In 1874, the parish paid $520 for four acres of land on Bagley Road in order to establish cemetery.
The church was dedicated on Sept. 26, 1875. It is the oldest Polish Catholic church in the state.
The first school was built in 1876, followed by the first rectory in 1878. The church spire and sacristies were added in 1886. In 1891, a new brick school was built at a cost of $11,000 and in 1892, a convent was built. The current stone rectory was constructed in 1898 for $6,000. In 1902, the current church organ was bought for $1,500.
During the ensuing years, the parish enjoyed growth and increased or modernized its facilities. In keeping with its Polish heritage, Polish classes were provided after school hours in 1977.
Construction on the existing church began in 1937 at a cost of $55,000. The first Mass was celebrated on Easter Sunday 1938. Keller Hall -- named after the 19th pastor, Father Gerald Keller, who served 1974-2008 – opened in 2003 with 7,000 square feet of multipurpose space, including kitchen and meeting rooms. The hall is used frequently for parish events, including the popular fish fries and the 150th anniversary reception that followed Mass on Dec. 2.
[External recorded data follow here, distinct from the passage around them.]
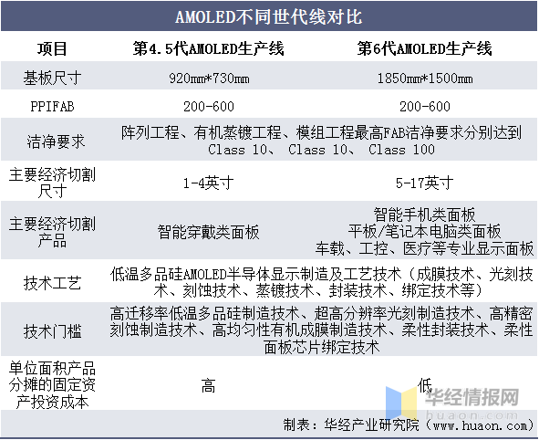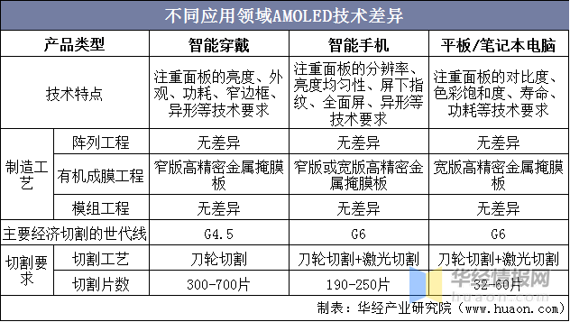 不同应用领域的AMOLED半导体显示面板在技术特点、制造工艺、世代线及切割要求等方面存在一定的差别。
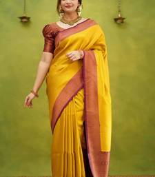 Fashionable gold banarasi south silk fancy saree with unstitched blouse
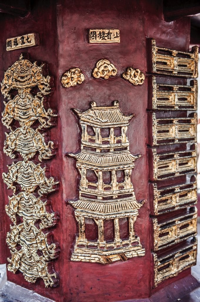 Bas-reliefs on the Lotus tower at But Thap Pagoda, Bac Ninh province
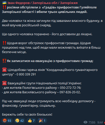 "Россияне обстреляли из "Градов" прифронтовое Гуляйполе Запорожской области и убили трех гражданских людей. Двое мужчин и женщина погибли под завалами собственного дома, в который попал российский снаряд", - говорится в сообщении.

Over the years, St. Adalbert has had 21 pastors, including the current one – Father Charles Butkowski, who was installed in 2018. A dozen men from the parish have been ordained to the priesthood, including Father Christopher Zerucha, pastor of St. Mary and St. Bernard parishes in Akron – ordained in 2011 – and Father Cameron Popik, parochial vicar at St. Hilary Parish in Fairlawn – ordained in 2021.
In addition, 32 women of the parish entered religious life.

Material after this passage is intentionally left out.